> _Required work_: Please reproduce, exactly as given, the lines running from the start of the data to the line containing "vous allez pouvoir", inclusive, and omit the pictures.

> _Recorded data_:
****************

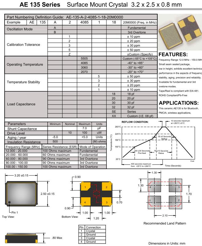 Anderson晶振,AE135晶振,AE135-A24085118-20M0000晶振
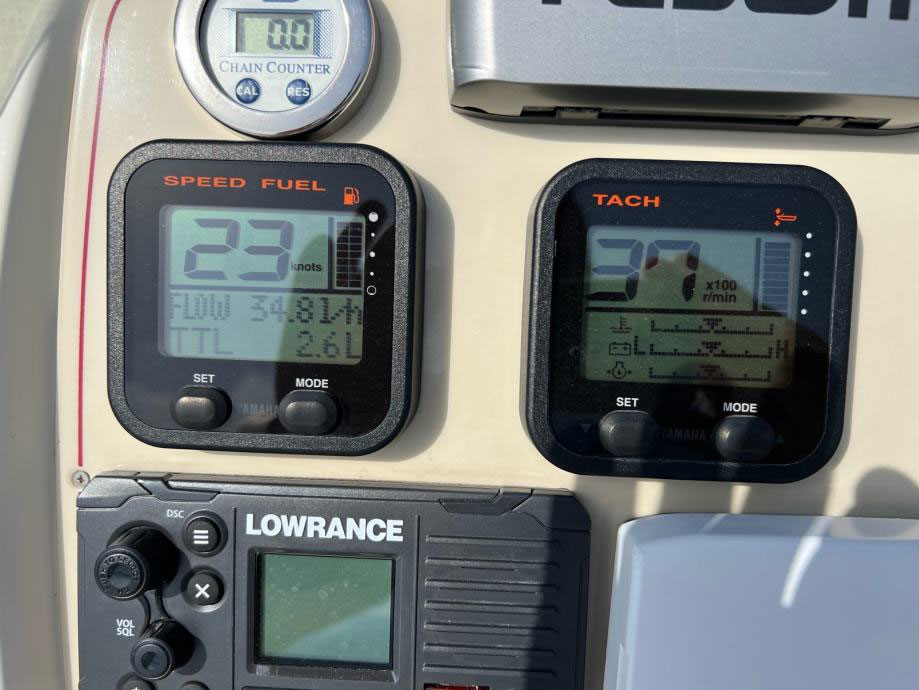 Equipment:GPS + depth sounder, Electric anchor winch, Bluetooth radio, VHF, 12 V charger, Deck shower, WC in console, Cockpit table, Bimini sunshade
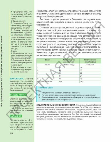 7. Сравни результаты Скорость ответной реакции животных зависит от уровня раз-
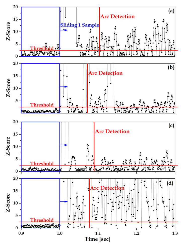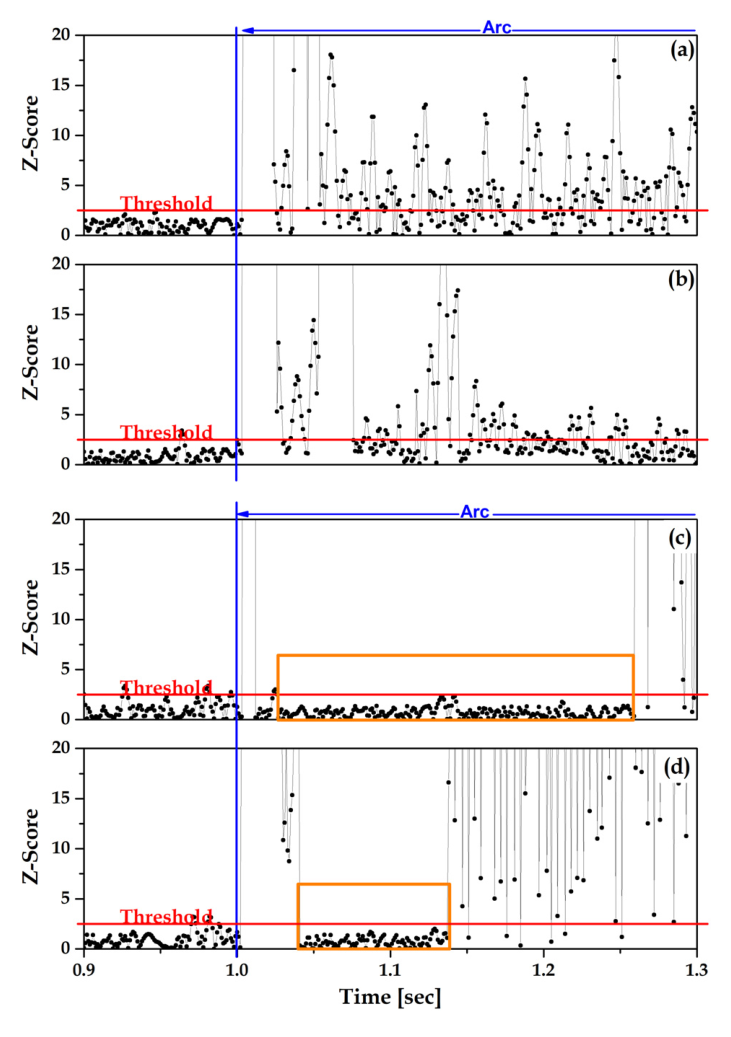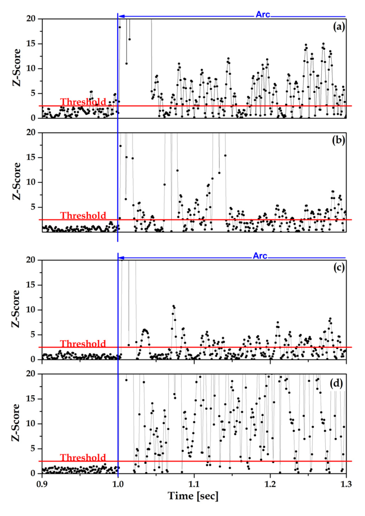 이후 식 (10)에서와 같이 Z-Score를 적용하여 정규화를 수행하였으며, 이를 통해 부하와 무관하게 아크 발생 여부를 감지할 수 있는 지표를 도출하였다. 이때
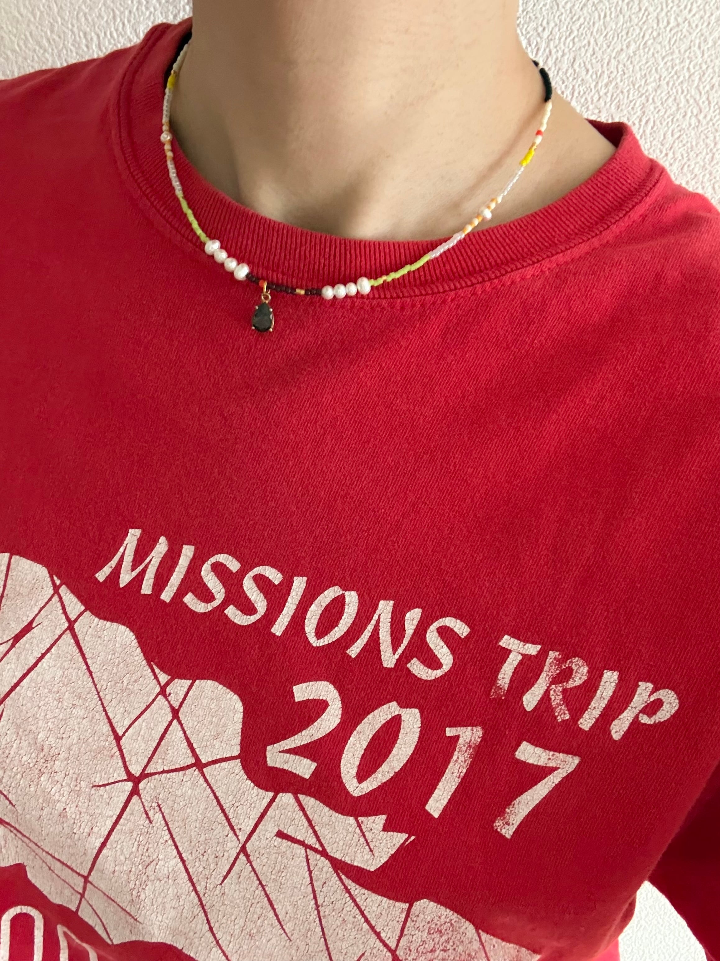 端にはダークカラーを持ってきて,抜け感と引き締めを両立した大人のカジュアルネックレスになっています。
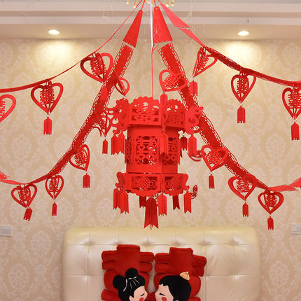 婚房装饰布置拉花 结婚用品婚庆拉花新房房顶婚礼喜字无纺布房顶
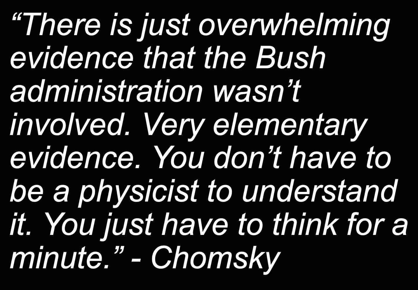 So we hear (from Chomsky) that "there is, in fact, overwhelming evidence that the Bush administration wasn't involved in 9/11. It's very elementary evidence. You don't have to be a physicist to understand it. You just have to think for a minute."
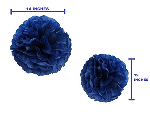 - PACK INCLUDES: 8 pieces of navy blue tissue paper flower pom pom balls. 4 balls of each size, ( 4x12" and 4x14" ). Each paper ball comes separately packed so you can use as much as you want and the rest you can storage for later use.
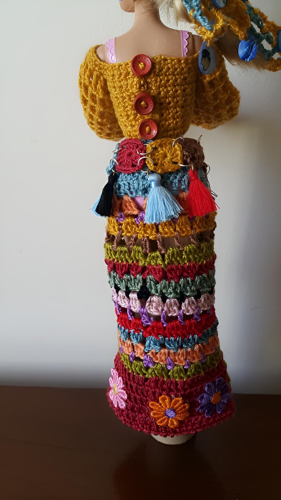 Ensemble unique Gypsy pour poupée Barbie fait au crochet en un seul exemplaire
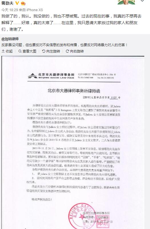 后来蒋劲夫果然在微博上承认了有过家暴行为,而且真诚道歉忏悔。但如此实锤之后,即使蒋劲夫悔过,但网友对于家暴零容忍,即使他们还没结婚,即使对方是日本女友,大家依然对其口诛笔伐,蒋劲夫人设彻底坍塌,不仅事业名声毁于一旦,一度还被收监,差点面临牢狱之灾,最终不知道花了多少钱和解,才能回国过新年和春节,重新获得自由。
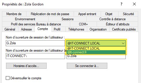 Dans l'onglet "Compte", vous allez pouvoir modifier le domaine associé à son UPN, comme ceci :
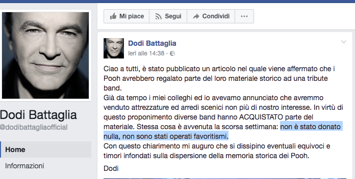 Ma all’improvviso ieri si è rivelata una “pasquetta” amara per il giornalista tarantino, che è stato smentito ufficialmente e pubblicamente proprio da Dodi Battaglia dei Pooh il quale ha scritto sulla sua pagina Facebook : “Ciao a tutti” inizia così il post “è stato pubblicato un articolo nel quale viene affermato che i Pooh avrebbero regalato parte del loro materiale storico ad una tribute band. Già da tempo i miei colleghi ed io avevamo annunciato che avremmo venduto attrezzature ed arredi scenici non più di nostro interesse. In virtù di questo proponimento diverse band hanno ACQUISTATO parte del materiale. Stessa cosa è avvenuta la scorsa settimana: non è stato donato nulla, non sono stati operati favoritismi“. Con questo chiarimento mi auguro che si dissipino eventuali equivoci e timori infondati sulla dispersione della memoria storica dei Pooh. Dodi“
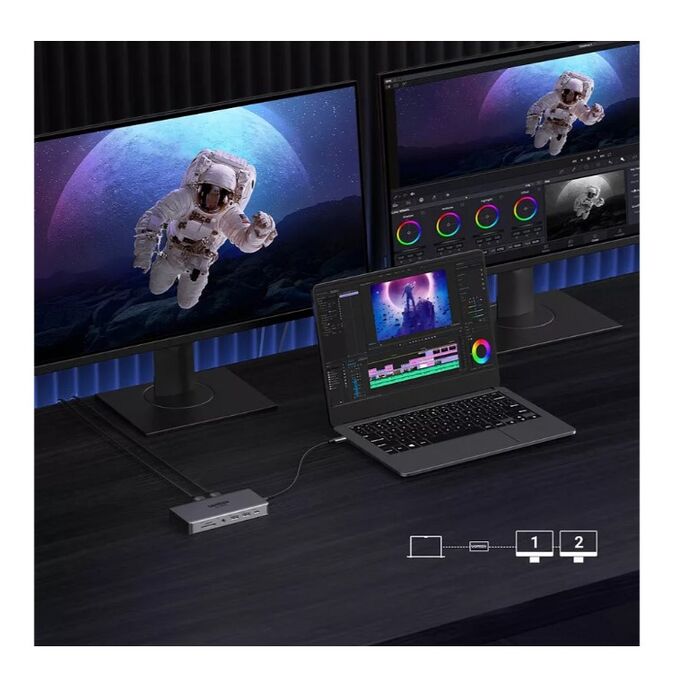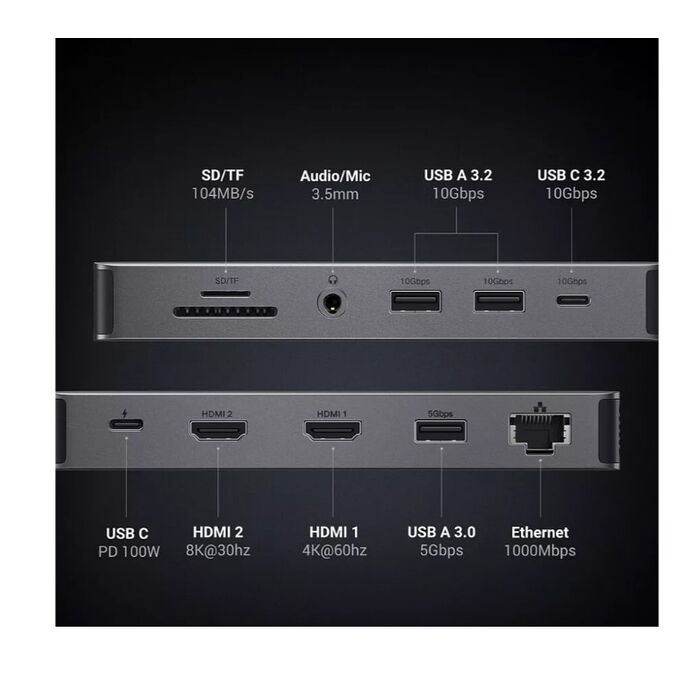 Интерфейс подключения Output: 3.5 мм, USB 3.0, 2 x USB 3.2 Gen2, USB Type-C, USB Type-C PD, 2 x HDMI, RJ-45 / Input: USB Type-C
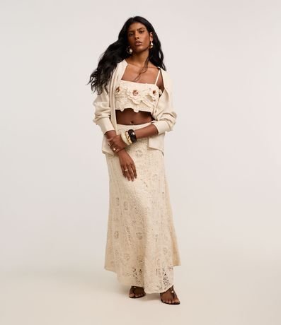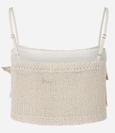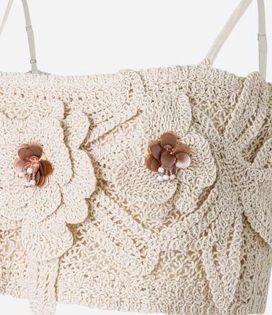 Blusa Cropped de Alça em Tricô com Flores Aplicadas

****************

> _Answer to the problem_:
 Anderson晶振,AE135晶振,AE135-A24085118-20M0000晶振
 Equipment:GPS + depth sounder, Electric anchor winch, Bluetooth radio, VHF, 12 V charger, Deck shower, WC in console, Cockpit table, Bimini sunshade
 7. Сравни результаты Скорость ответной реакции животных зависит от уровня раз-
 이후 식 (10)에서와 같이 Z-Score를 적용하여 정규화를 수행하였으며, 이를 통해 부하와 무관하게 아크 발생 여부를 감지할 수 있는 지표를 도출하였다. 이때
 端にはダークカラーを持ってきて,抜け感と引き締めを両立した大人のカジュアルネックレスになっています。
 婚房装饰布置拉花 结婚用品婚庆拉花新房房顶婚礼喜字无纺布房顶
 So we hear (from Chomsky) that "there is, in fact, overwhelming evidence that the Bush administration wasn't involved in 9/11. It's very elementary evidence. You don't have to be a physicist to understand it. You just have to think for a minute."
 - PACK INCLUDES: 8 pieces of navy blue tissue paper flower pom pom balls. 4 balls of each size, ( 4x12" and 4x14" ). Each paper ball comes separately packed so you can use as much as you want and the rest you can storage for later use.
 Ensemble unique Gypsy pour poupée Barbie fait au crochet en un seul exemplaire
 后来蒋劲夫果然在微博上承认了有过家暴行为,而且真诚道歉忏悔。但如此实锤之后,即使蒋劲夫悔过,但网友对于家暴零容忍,即使他们还没结婚,即使对方是日本女友,大家依然对其口诛笔伐,蒋劲夫人设彻底坍塌,不仅事业名声毁于一旦,一度还被收监,差点面临牢狱之灾,最终不知道花了多少钱和解,才能回国过新年和春节,重新获得自由。
 Dans l'onglet "Compte", vous allez pouvoir modifier le domaine associé à son UPN, comme ceci :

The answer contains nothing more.